Saved entries

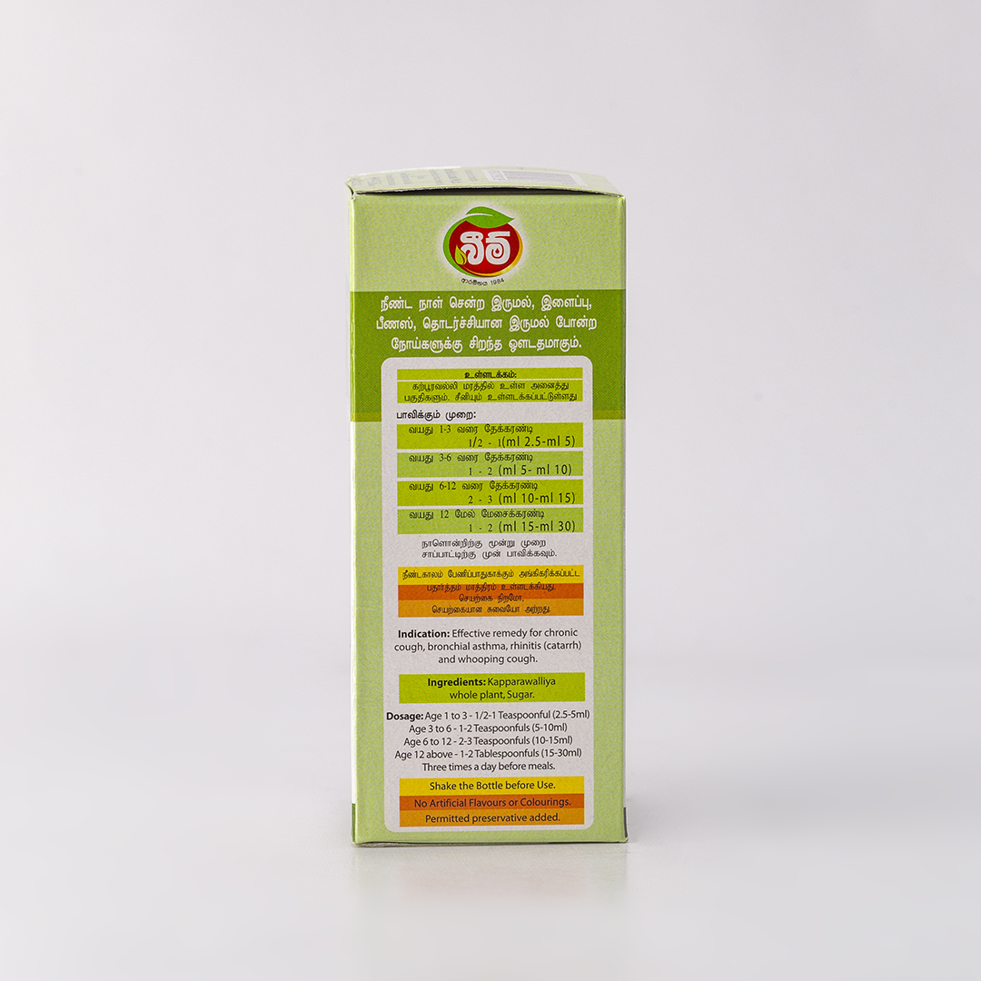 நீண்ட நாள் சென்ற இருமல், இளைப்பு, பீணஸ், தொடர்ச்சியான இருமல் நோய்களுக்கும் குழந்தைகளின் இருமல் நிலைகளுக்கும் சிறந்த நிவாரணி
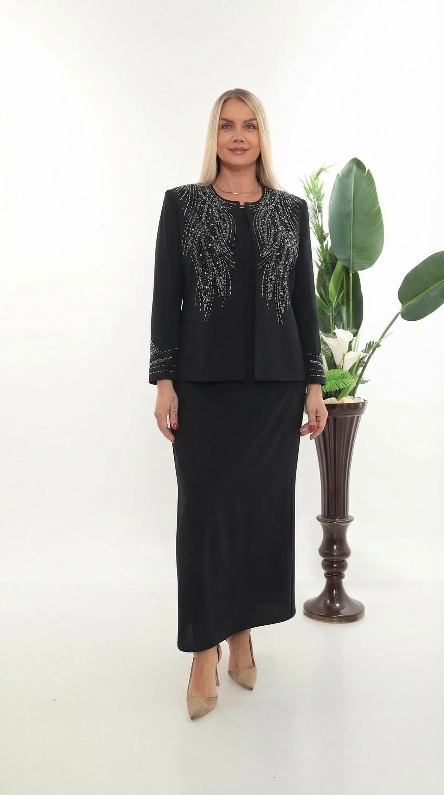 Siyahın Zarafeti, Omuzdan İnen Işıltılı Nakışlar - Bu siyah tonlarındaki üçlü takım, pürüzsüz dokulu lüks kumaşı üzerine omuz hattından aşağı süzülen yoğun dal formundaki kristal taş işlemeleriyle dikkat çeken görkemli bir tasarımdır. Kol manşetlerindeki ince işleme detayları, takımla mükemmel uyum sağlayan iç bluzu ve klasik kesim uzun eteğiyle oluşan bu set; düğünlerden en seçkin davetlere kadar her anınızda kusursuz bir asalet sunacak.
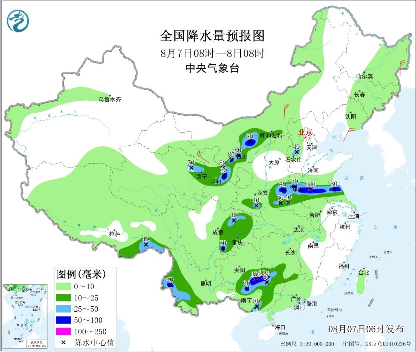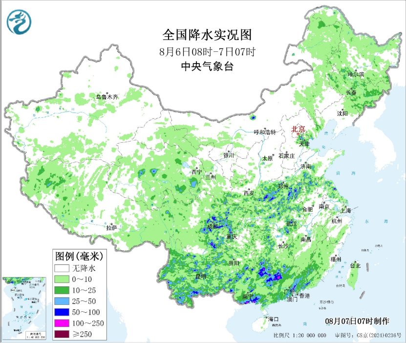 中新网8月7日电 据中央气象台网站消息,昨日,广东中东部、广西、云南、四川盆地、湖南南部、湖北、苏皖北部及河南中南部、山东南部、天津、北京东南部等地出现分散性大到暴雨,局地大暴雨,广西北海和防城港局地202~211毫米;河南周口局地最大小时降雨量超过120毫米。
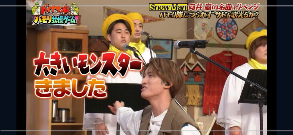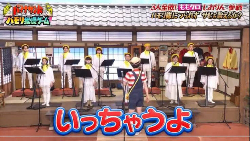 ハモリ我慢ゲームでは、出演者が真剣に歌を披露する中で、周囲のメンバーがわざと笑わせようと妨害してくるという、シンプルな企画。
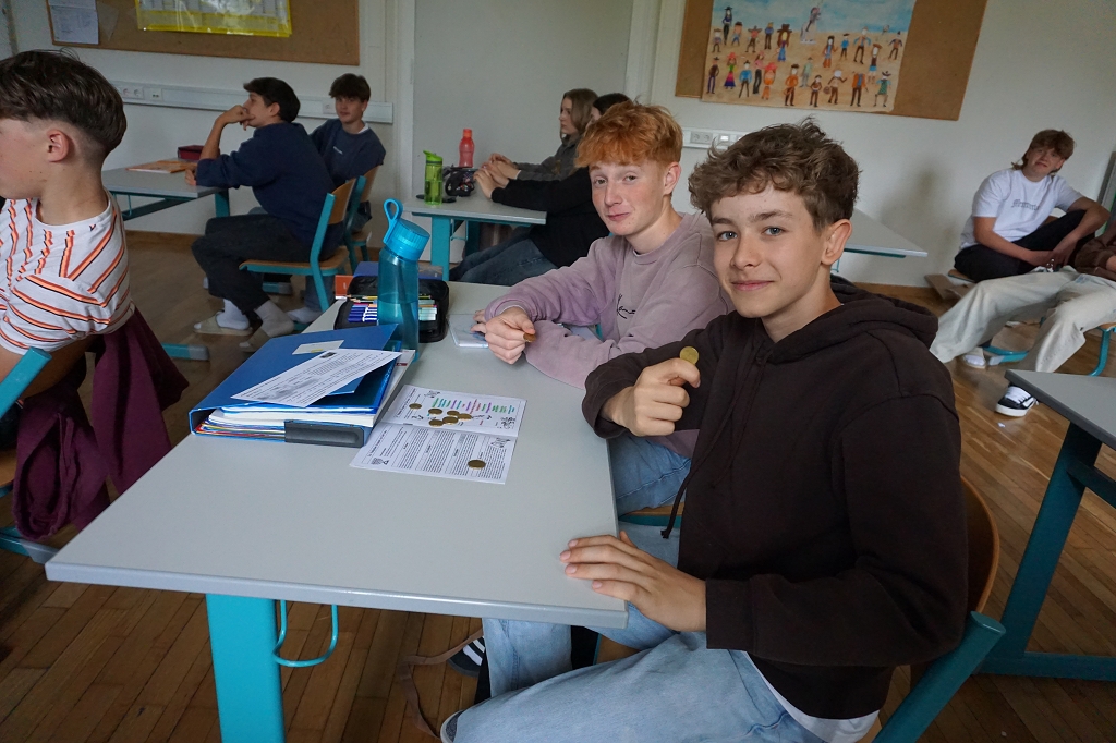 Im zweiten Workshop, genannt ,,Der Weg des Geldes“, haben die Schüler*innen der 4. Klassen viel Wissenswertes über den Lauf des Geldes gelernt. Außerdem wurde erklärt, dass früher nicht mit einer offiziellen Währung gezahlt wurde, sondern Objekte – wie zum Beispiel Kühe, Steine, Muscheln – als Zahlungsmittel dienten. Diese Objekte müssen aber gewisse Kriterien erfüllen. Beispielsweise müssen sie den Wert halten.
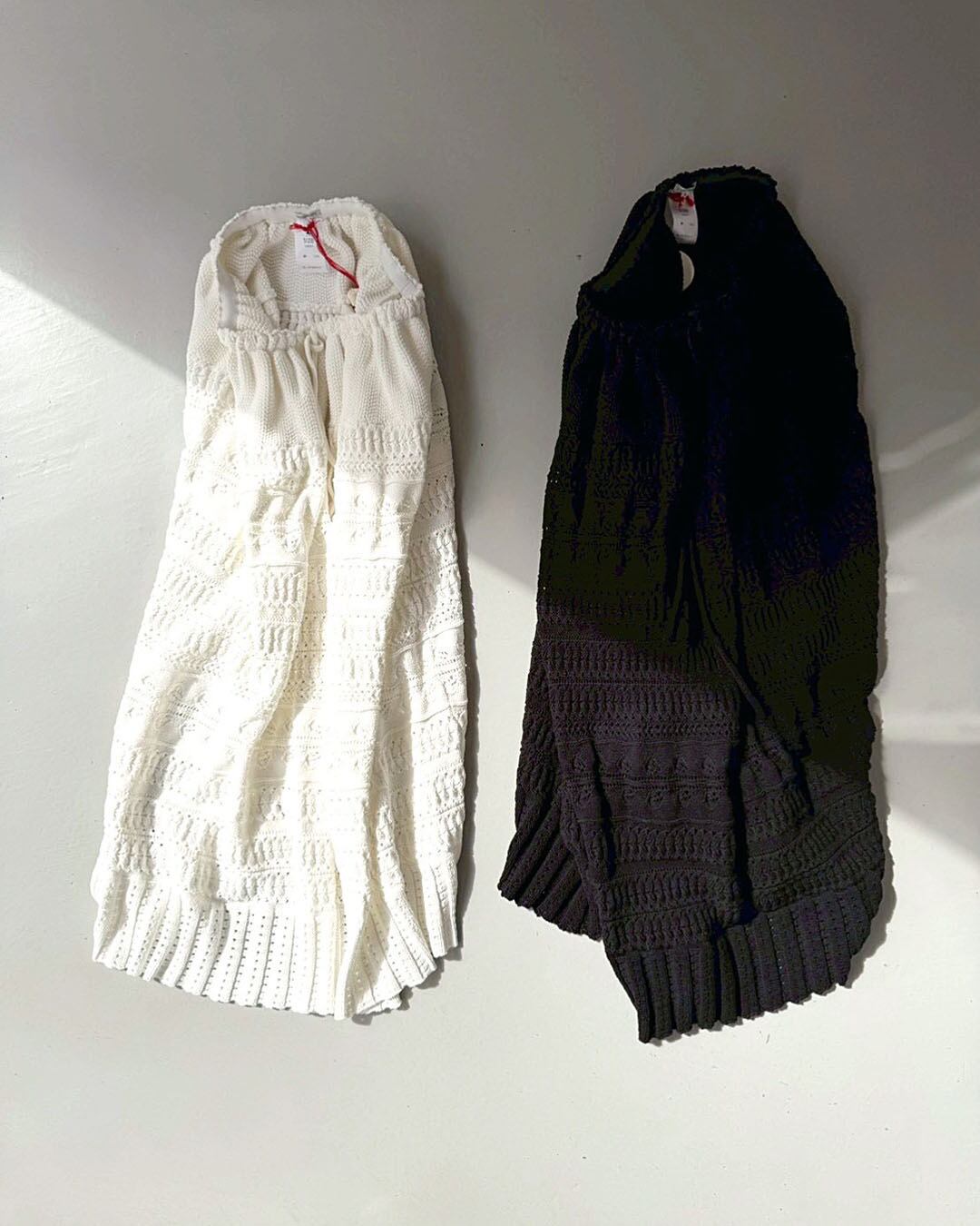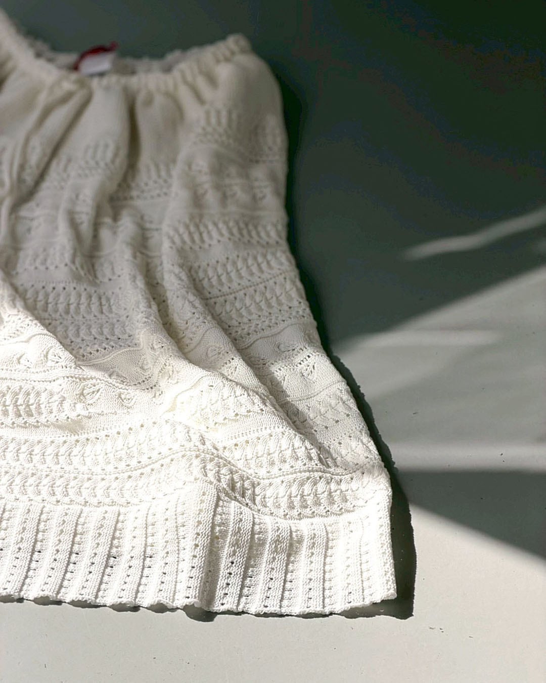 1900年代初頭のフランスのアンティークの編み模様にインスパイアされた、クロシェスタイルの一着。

# [Task]
Each entry above should be copied exactly. The pictures should not.

# [Result of this task]
 நீண்ட நாள் சென்ற இருமல், இளைப்பு, பீணஸ், தொடர்ச்சியான இருமல் நோய்களுக்கும் குழந்தைகளின் இருமல் நிலைகளுக்கும் சிறந்த நிவாரணி
 Siyahın Zarafeti, Omuzdan İnen Işıltılı Nakışlar - Bu siyah tonlarındaki üçlü takım, pürüzsüz dokulu lüks kumaşı üzerine omuz hattından aşağı süzülen yoğun dal formundaki kristal taş işlemeleriyle dikkat çeken görkemli bir tasarımdır. Kol manşetlerindeki ince işleme detayları, takımla mükemmel uyum sağlayan iç bluzu ve klasik kesim uzun eteğiyle oluşan bu set; düğünlerden en seçkin davetlere kadar her anınızda kusursuz bir asalet sunacak.
 中新网8月7日电 据中央气象台网站消息,昨日,广东中东部、广西、云南、四川盆地、湖南南部、湖北、苏皖北部及河南中南部、山东南部、天津、北京东南部等地出现分散性大到暴雨,局地大暴雨,广西北海和防城港局地202~211毫米;河南周口局地最大小时降雨量超过120毫米。
 ハモリ我慢ゲームでは、出演者が真剣に歌を披露する中で、周囲のメンバーがわざと笑わせようと妨害してくるという、シンプルな企画。
 Im zweiten Workshop, genannt ,,Der Weg des Geldes“, haben die Schüler*innen der 4. Klassen viel Wissenswertes über den Lauf des Geldes gelernt. Außerdem wurde erklärt, dass früher nicht mit einer offiziellen Währung gezahlt wurde, sondern Objekte – wie zum Beispiel Kühe, Steine, Muscheln – als Zahlungsmittel dienten. Diese Objekte müssen aber gewisse Kriterien erfüllen. Beispielsweise müssen sie den Wert halten.
 1900年代初頭のフランスのアンティークの編み模様にインスパイアされた、クロシェスタイルの一着。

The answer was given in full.